I get asked a lot why I write, or where my ideas come
from. I don’t know the answer to either of
those questions. I started writing at an
early age. It’s something I’ve always
known I wanted to do, and I’ve never given it up.
While I
can’t answer either of those questions with a satisfactory answer, I can give
you a brief list of what has influenced me as a writer.
1.
Comic
Books
Comic books were my first literary love. I discovered comics when I was a little kid. My father worked the flea market circuit and
took me on a trip to Canton, Texas. There
was a comic dealer there who had boxes and boxes of them, all for a quarter a
piece. The cover art drew me in and the stories kept me going. I’d devour the stories about super heroes,
beg a quarter off my dad, and go back for more. I was enthralled.
It
wasn’t long after this I started writing and drawing my own. First, I wrote stories about Superman and the
Incredible Hulk duking it out, then I graduated to my own set of heroes. The first stories I sold as a writer were
comic books, written for my dad. He’d
give me a dollar to find out what happened in the next issues.
That
counts as self-published, right?
2.
History
History is another influence that got me at
an early age. History is full of
fascinating stories about heroes and villains.
Great adventures that lead to great discoveries. It was always one of my favorite subjects in
school, and when I got my hands on the history book I’d be studying that year,
I always skimmed through and picked out the most fascinating stories.
I’m
still a history buff, and read biographies when I get my hands on them. It used to be the Civil War, or Native
American histories, but now, it’s just about anything I can get my hands
on. History is so much more fascination
than fiction, because it really happened.
Lewis and Clark jumped into the great unknown west and mapped rivers and
mountains no American had seen before.
John Dillinger escaped from jail, locking up thirty people in the
process, and rode out of town in the sheriff’s car. You can’t make those kinds of things up, but
you can draw inspiration from them.
3.
Books
Books.
I just love them. I love the
smell, the feel, the covers, and what’s inside them. You’d be surprised how many people there are
that want to be writers who refuse to read.

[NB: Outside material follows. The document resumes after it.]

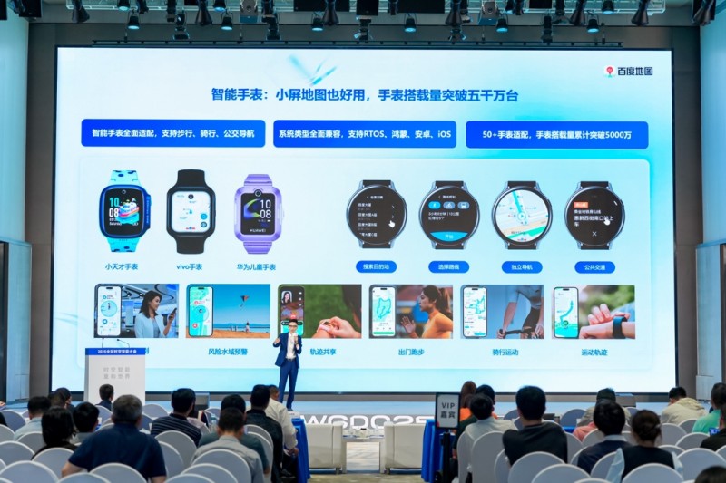 智能穿戴領域,百度地圖智能手表導航功能已覆蓋50+主流智能手表型號,實現搜索、路線規劃、獨立導航、公交查詢等功能,累計搭載量超5000萬。無論跑步騎行,抬手即見地圖,出行更自在。

Not me. I read every chance I get
and go through withdrawals when I don’t.
I
can’t name a particular book that made me want to be a writer. I will tell you a brief anecdote about Earnest
Hemingway’s For Whom the Bell Tolls. In
my freshman year of high school, we were given a summer reading list, which I
almost immediately lost. The only book I
could remember being on the list was, For Whom the Bell Tolls, so I picked it
up and read it. I loved it. I had no idea who this Hemingway fellow was,
but that book changed everything for me.
It wasn’t just good versus evil.
It was, why is there good, and
who is evil. There were questions posed. Nothing is clear cut. This was life put into
fiction.
Turns
out For Whom the Bell Tolls wasn’t on the reading list. It was an optional, or something. But I’m glad I read it, and I’ve been a Hemingway
fan ever since.
4.
Teachers
I have bad teachers and I’ve good
teachers. The bad ones don’t care. They go through their lesson plan and rarely
look away from the board to the little faces staring up at them, or lost in their
own world waiting for the bell to ring.
The
good ones pay attention to the faces.
They give feedback. They
listen. The ones who inspired me to try
my hand at the craft of writing weren’t all English or Lit teachers. Some of them were history teachers, and some
were science. But they infused
imagination in their lesson plan. They
saw what their pupils were good or interested in and encouraged them to pursue
it. Teachers play a huge role in a
person’s formative years, and this is no less true for a writer.

5.
My Dad
I’ve already mentioned him in this article,
but he bears mentioning again. The Old
Man could tell a tale, as they say. He
was so good at it, it was hard to tell where fiction and fact merged. He knew how to put a little bit of truth into
every tale.
He was a natural
storyteller and a voracious reader. My
interest in history comes from him. He
encouraged me to write and draw and supported my comic book habit even when he
only had a few dollars in his pocket. He
wasn’t a perfect man. We had our fights
and disagreements, as fathers and sons always have and always will, but I
wouldn’t be the person I am today if it wasn’t for him.
Aspects of him turn up in my writing probably
more than I am aware and I wish he was still here to read my stories, and give
me a quarter to finish the next chapter.